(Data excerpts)
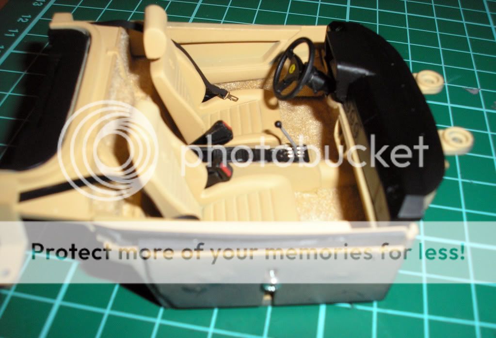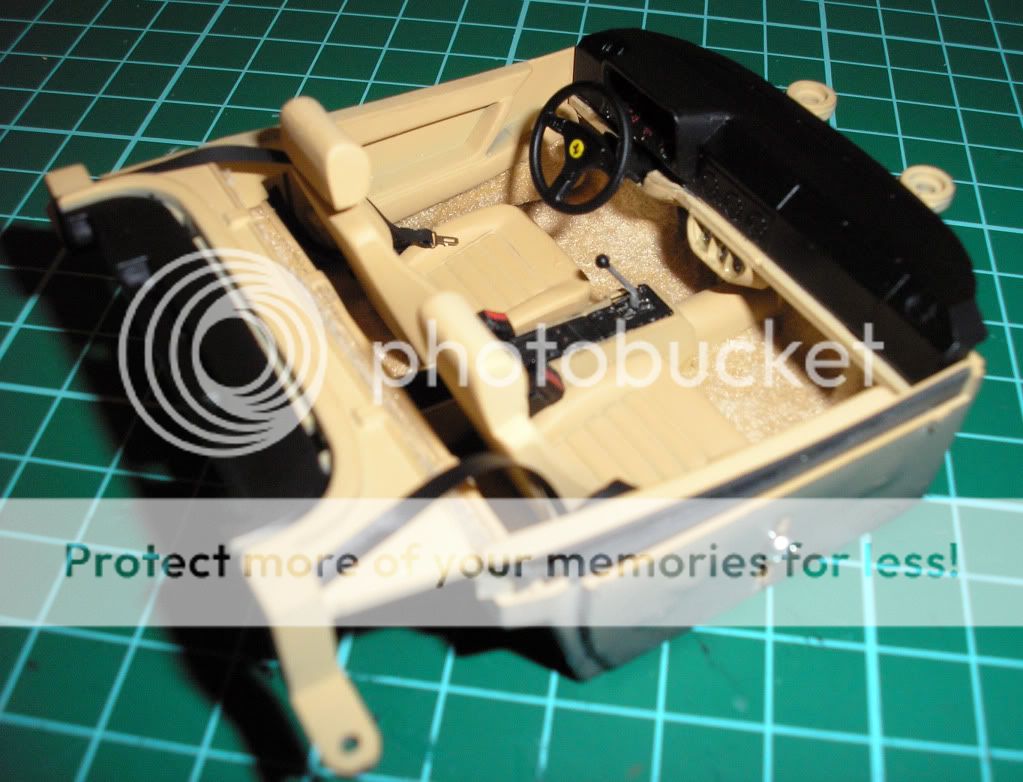 I make some progress in 512 TR… We start with interior parts. After I primed with an old Humbrol grey… ![]() I start some enhancement to the seats. I begin by cutting the headrest off the seat. I attached seats backs, from evergreen thin styrene. After that, I make some holes for headrest. I choose to cut the headrest, from one seat (for driver only) for an asymmetrically and more realistic view. In many cases, I think, the passenger don‘t adjust the headrest, just enjoys the ride… ![]() So we have this: ![]() ![]() The interior‘s color, are German Desert Yellow (FS30400) from Lifecolor!! I chose a lighter tone, than Testarossa’s interior. The dashboard painted with semi gloss black.![]() ![]() The engine parts painted with Alclad‘s Aluminum, after a regular masking procedure. As you see, I cut the exhaust system from the back of the engine. (Fujimi give it in one piece with the chassis). ![]() Finally I decide to paint exterior with Zero‘s Jet Black color. I already have it, in my stock (I don’t really know where can use it. I bought it, after a mistake… the correct paint, that I realy want are a Lotus black. )![]() After that, the body cleacoated with Zero‘s Laquer and waxed. ![]() ![]() That concludes these update. I planning to finish the 512TR soon, so stay tuned.. Aaaa, this is not a good modelling picture, but I like it, so I want to share it, with the guys here. Gilles watching my job… ![]() Thanks to everyone who followed this WIP! I wait for your comments… |
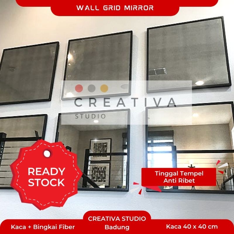 Creativa PAKET Kaca Cermin Susun Tinggal Tempel Dekorasi Dinding Kotak 40x40 cm Model Industrial
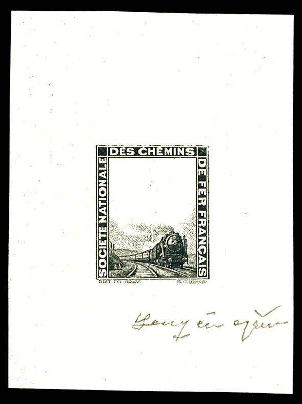 1745 ng imageLocomotive, épreuve en noir sans la valeur signée. TTB (certificat) Qualité: (*) Cote: 575 euros (Image)
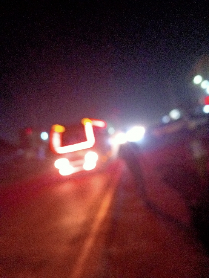 At night, blurry red, white, and yellow lights indicate the presence of a vehicle with a distinctive square shape. The road appears wet, reflecting some of the light. In the background, additional blurred lights suggest other vehicles or structures. The overall image has a grainy texture.
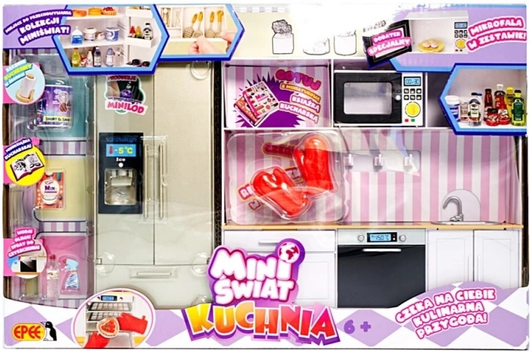Kuhinjski set MiniWorld poleg opreme vključuje tudi miniaturne dodatke, ki bodo vašega otroka popeljali v resnični svet kuhinje v miniaturni izvedbi. Igra z MiniWorldom razvija njihovo domišljijo, spretnost in jim omogoča, da se osredotočijo na ustvarjanje lastnega sveta.

◆ Task objective ◆
Quote every line of the records above exactly; no picture is to be copied.

◆ Exercise answer ◆
 I make some progress in 512 TR… We start with interior parts. After I primed with an old Humbrol grey… ![]() I start some enhancement to the seats. I begin by cutting the headrest off the seat. I attached seats backs, from evergreen thin styrene. After that, I make some holes for headrest. I choose to cut the headrest, from one seat (for driver only) for an asymmetrically and more realistic view. In many cases, I think, the passenger don‘t adjust the headrest, just enjoys the ride… ![]() So we have this: ![]() ![]() The interior‘s color, are German Desert Yellow (FS30400) from Lifecolor!! I chose a lighter tone, than Testarossa’s interior. The dashboard painted with semi gloss black.![]() ![]() The engine parts painted with Alclad‘s Aluminum, after a regular masking procedure. As you see, I cut the exhaust system from the back of the engine. (Fujimi give it in one piece with the chassis). ![]() Finally I decide to paint exterior with Zero‘s Jet Black color. I already have it, in my stock (I don’t really know where can use it. I bought it, after a mistake… the correct paint, that I realy want are a Lotus black. )![]() After that, the body cleacoated with Zero‘s Laquer and waxed. ![]() ![]() That concludes these update. I planning to finish the 512TR soon, so stay tuned.. Aaaa, this is not a good modelling picture, but I like it, so I want to share it, with the guys here. Gilles watching my job… ![]() Thanks to everyone who followed this WIP! I wait for your comments… |
 Creativa PAKET Kaca Cermin Susun Tinggal Tempel Dekorasi Dinding Kotak 40x40 cm Model Industrial
 1745 ng imageLocomotive, épreuve en noir sans la valeur signée. TTB (certificat) Qualité: (*) Cote: 575 euros (Image)
 At night, blurry red, white, and yellow lights indicate the presence of a vehicle with a distinctive square shape. The road appears wet, reflecting some of the light. In the background, additional blurred lights suggest other vehicles or structures. The overall image has a grainy texture.
Kuhinjski set MiniWorld poleg opreme vključuje tudi miniaturne dodatke, ki bodo vašega otroka popeljali v resnični svet kuhinje v miniaturni izvedbi. Igra z MiniWorldom razvija njihovo domišljijo, spretnost in jim omogoča, da se osredotočijo na ustvarjanje lastnega sveta.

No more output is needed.